Dinner was at a Thai restaurant. My friend got delayed on the Metro and I really wanted a glass of wine while I waited but instead I ordered the seaweed salad. When he arrived we shared some salmon avocado sushi which was delicious. For dinner I ordered a dish with eggplant, chicken and basil and ate it with rice. I also had a bite of his lamb. My daughter, on the other hand, was truly horrified that he was eating lamb. I asked to sample it and he offered some to her. She had a sad look on her face and said, “No, I will never eat lamb! I like lambs, I don’t eat lambs! They are so cute!!” Of course I immediately had a picture of a sweet, fluffy lamb on a green pasture and could barely swallow my bite. She’s right, we shouldn’t be eating lambs, they are sweet. I wouldn’t be surprised if she became a vegetarian at some point in her young life.

Anyways, I ate my food but it was just okay. It was weird to have my food at that high (heat) temperature. That was a sensation I wasn’t used to and chewing on the chicken wasn’t really as good as I was expecting. The sauce also was very salty to me. I used to really like that restaurant but maybe because I’ve been eating so clean can don’t enjoy the oils and sauces that might have been bottled or poorer quality. I found myself not able to finish my food which is highly unusual when it comes to me and Thai food.

After dinner my daughter wanted some ice cream and she decided on mint. She was raving about it and both she and the saleslady were encouraging me to sample it but I couldn’t. I had ZERO taste for that sugary treat. Really, really odd. I LOVE ice cream but I just haven’t had any interest since starting this raw foods cleanse in eating sweets. My cravings have essentially disappeared. I love this side benefit.

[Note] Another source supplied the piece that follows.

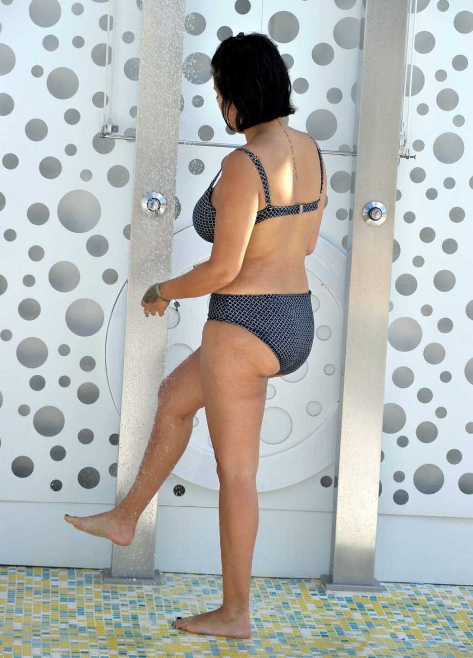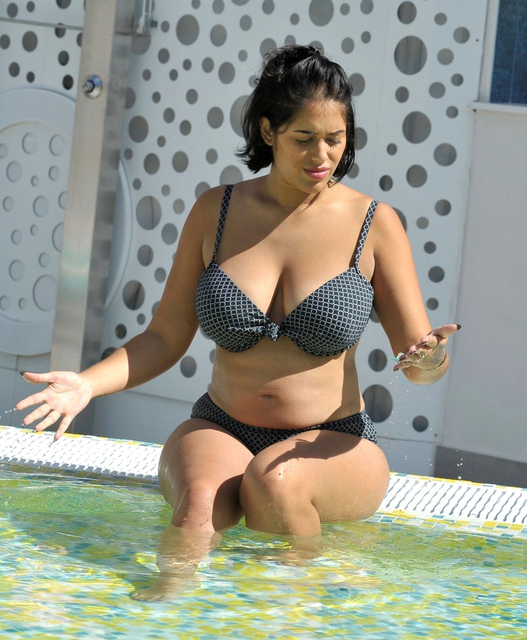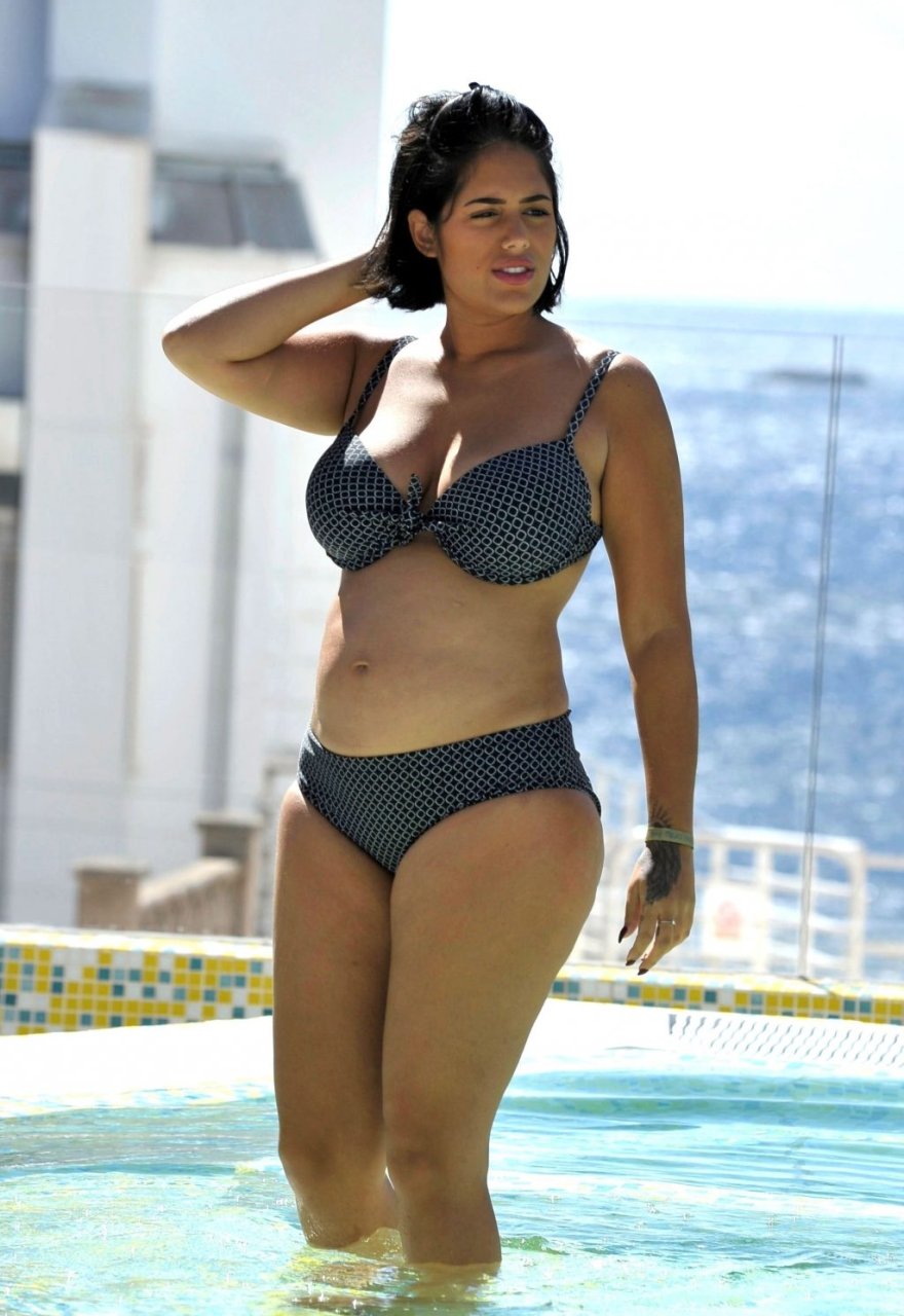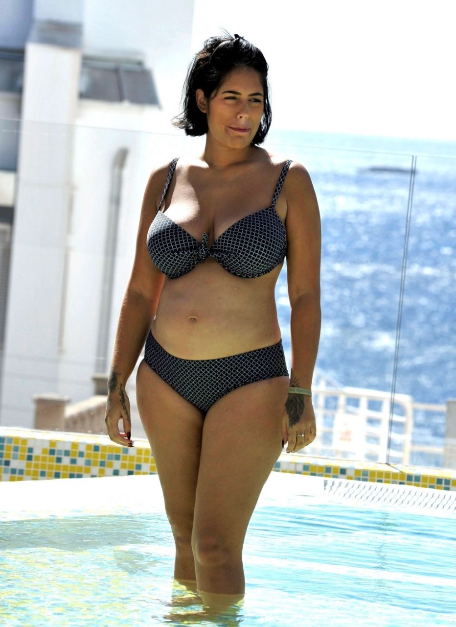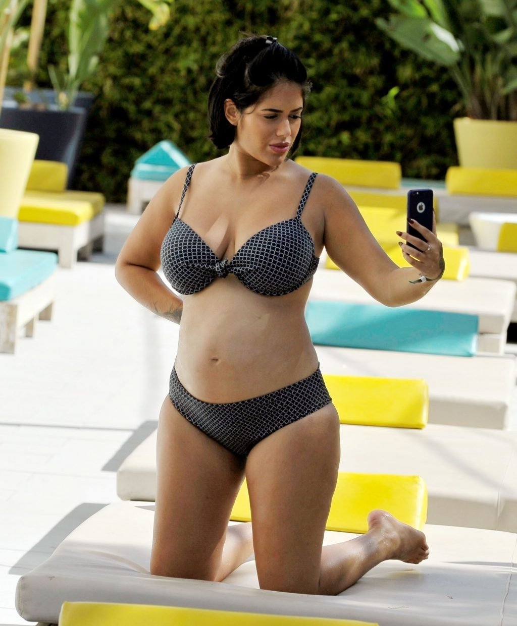 La star de “Love Island” et enceinte Malin Andersson photographiée au bord de la piscine, fièrement montrant son ventre de femme enceinte lors de ses vacances en Espagne (octobre 2018). Malin avait l’air heureuse et détendue, profitant du soleil espagnol en se baignant dans la piscine et prenant quelques selfies.

After dinner I felt bloated and gassy and fell right to sleep exhausted. I am typing this, however, at 3:40am. I woke up about an hour ago very hot (I slept in a sweatshirt) and got up to pee and decided to look at videos on raw food on YouTube and type this post instead. You know what’s crazy though?! I was waking up in the middle of the night for weeks and as soon as I started eating raw I was sleeping through the night. One day of cooked food and I’m back to waking up. Interesting.

I need to force myself to get back to sleep now because, well, sleep is necessary and good for you but also because I’m touring a private school tomorrow for my daughter and I’m sure they will be sizing me up as well. After this experience I think it will be easy to get back on track tomorrow.